Request Body (request form)

In this example, you'll wonder why only request headers, without the request body. This is because the GET request parameter data in the URL, whereas POST request parameters are placed in the Body request.
About the difference between GET and POST requests requests, simply summarize here:

  • GET and POST are the essence of TCP connections, and non-discriminatory. But due to the limitations of the provisions of HTTP and the browser / server, causing them to reflect some differences in the application process.
  • GET request URL has a length limit mass participation, and POST requests no length limit. On the restriction of the URL, more is to limit the browser and the server, inconsistent different URL length limitations of the browser and server.
  • Generating a TCP packet GET, POST generates two TCP packets. Browser requests a TCP connection (the first handshake), after the server confirmation link (second handshake) for the GET request, the browser will http header and data together sent, the server responds 200 (return data); and for POST, the browser to send Header, server response 100 continue, the browser then transmits data, in response to the server 200 ok (return data).
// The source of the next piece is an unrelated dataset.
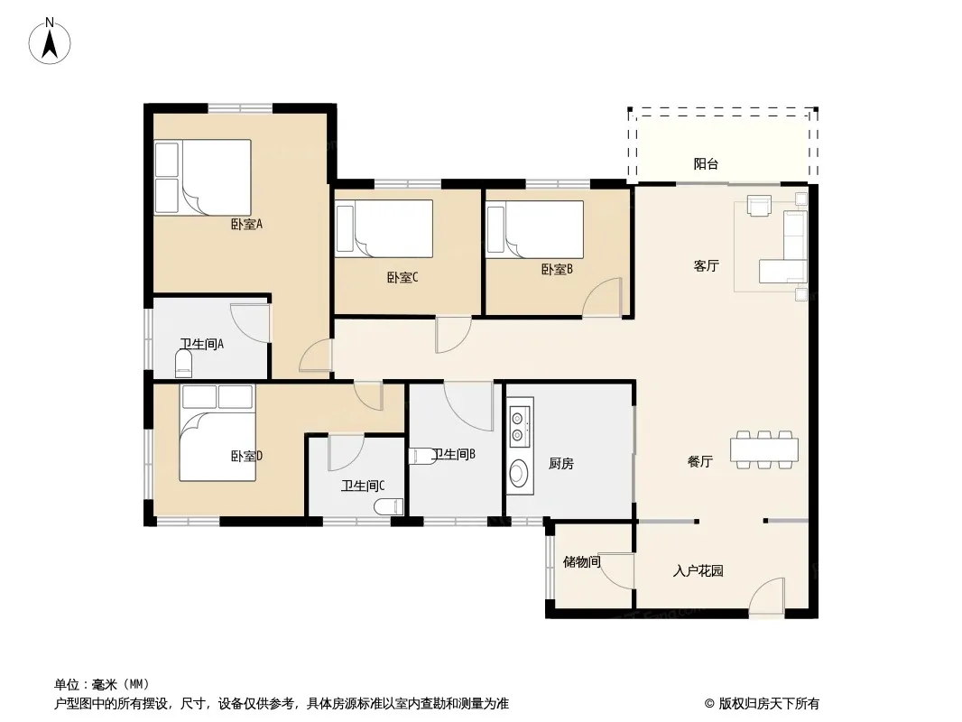 4房2厅3卫,双套间,户型稀缺,置换的好选择,格局方正,采光好,有2个房间朝南,视线无遮挡。
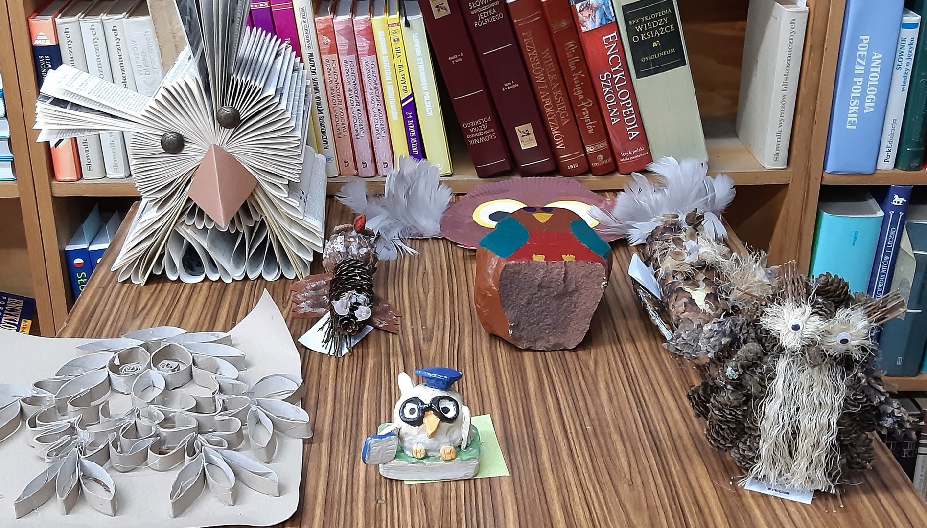 Zadaniem uczestników konkursu było wykonanie sowy (ptaka kojarzonego z mądrością, książką i biblioteką) dowolna techniką z użyciem dowolnych materiałów.

Because POST requires two steps, the time to consume a little more, it seems more effective than GET POST.
    It should be emphasized that the transmission Header and Body separate request method is part of the browser or frame, not necessarily POST behavior. Firefox is sent only once.
    According to the research, in the network environment is good, send a packet time difference between time and send the two packets basically ignored. And in the case of poor network environment, TCP packets over the two packet integrity verification, there is great advantage.

HTTP response

Response Status

In response to a variety of state,

  • 1xx message - the server request has been received, processing continues;
  • 2xx Success - the server request has been successfully received, understood and accepted;
  • 3xx Redirection - subsequent operations needed to complete this request;
  • 4xx Request Failure - the request contains lexical error or can not be performed;
  • 5xx Server Error - Server error occurred while processing a request properly.
And in response to the first response member

HTTP response header and the response into the response body. In response header, we need to focus on Set-Cookie, the other server settings Cookie to the local by the sub-segments; in response to the body, we have to climb should be a response (Response under NetWork) URL address of the corresponding, rather than through JS, CSS, and images of the response after rendering (Element).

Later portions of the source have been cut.